1. New ideas or insights which result in changed attitudes and/or actions that alter our lives and the reactions of our associates.

2. Augmented faith and imagination increases the power of our mind to change our body chemistry and function. These changes appear to be miraculous only because we are largely ignorant of the ability of the mind to control the body when fully undergirded by faith visualization and imaginative imagery.

3. Possible greater utilization of latent extrasensory capacities: telepathy, clairvoyance, precognition, and psychokinesis. In unusual situations and times of crisis we observe the association of prayer and exceptional perception, awareness, and other events.

4. The activity of angels or other superhuman beings to minister to needs and bring help which is sought through prayer. Such events usually take place only in extremely critical situations or when larger providential purposes are served.

5. Prayer may be able to use channels, energy forms, or laws unknown to us. Sometimes it appears that prayer brings about a mysterious coordination of people and events.

Any or all of these methods of ministry may be involved in prayerful problem solving. Sometimes prayer enables us to find approaches to our difficulties which were not available to us through analytical-rational-creative thinking. At other times we find that prayer does not bring those ideas, attitudes, or actions which alter the external conditions of the problem. It is still there in all its terrible reality. But even in these situations, prayer is spiritually effective. It is a dynamic spiritual fellowship which inspires creative attitudes and courage which enable us to live with even the most difficult problems such as personal deficiencies, tragedy, injustice, pain, and death.

One of the most difficult questions associated with prayerful problem solving is the place of intercessory prayer. Is it a legitimate spiritual technique for helping others or only a psychological-social way of expressing our concern for their welfare? God does not need to be informed of their condition nor be persuaded to perform good deeds. God is our loving Universal Father whose spirit indwells each of us and we do not need saints, supermortal beings, or fellow mortals interceding for us. Each person has to determine their own spiritual destiny, and intercessory prayer cannot be used to manipulate their lives.

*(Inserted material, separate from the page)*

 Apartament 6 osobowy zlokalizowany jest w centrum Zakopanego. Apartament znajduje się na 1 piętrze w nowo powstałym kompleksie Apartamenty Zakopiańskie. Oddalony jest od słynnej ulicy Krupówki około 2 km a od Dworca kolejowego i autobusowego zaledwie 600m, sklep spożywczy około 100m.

Regardless of its effect, we spontaneously pray for those we love. There is great value in the psychological-social ramifications of intercessory prayer. There is some evidence, however, that intercessory prayer has more than autosuggestive or sociosuggestive validity. If this is so, how do we understand this form of ministry? One explanation is that our extrasensory capacities have the ability to enter other minds and bring comfort, strength, and love. Another possibility is that God not only gives us the opportunity to be co-partners with him in shaping our own lives, but may have created spiritual channels through which we are privileged to be co-ministers with him in helping others within the limits of their spiritual autonomy. If not, why do we have this spiritual urge to pray for others?

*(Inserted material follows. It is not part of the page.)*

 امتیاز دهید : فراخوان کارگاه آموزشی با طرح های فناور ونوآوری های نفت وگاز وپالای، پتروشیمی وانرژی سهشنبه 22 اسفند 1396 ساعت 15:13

In concluding our thinking about prayerful problem solving, we should remember that the stimulus of problems is basic to personal and spiritual growth. Problems are really opportunities for development and service. There are inherent limits to problem solving in the evolutionary universe. These limitations are germane to our glorious destiny and the quality of spiritual perfection which we are forging out between the hammers of anguish and the anvils of necessity here on planet earth.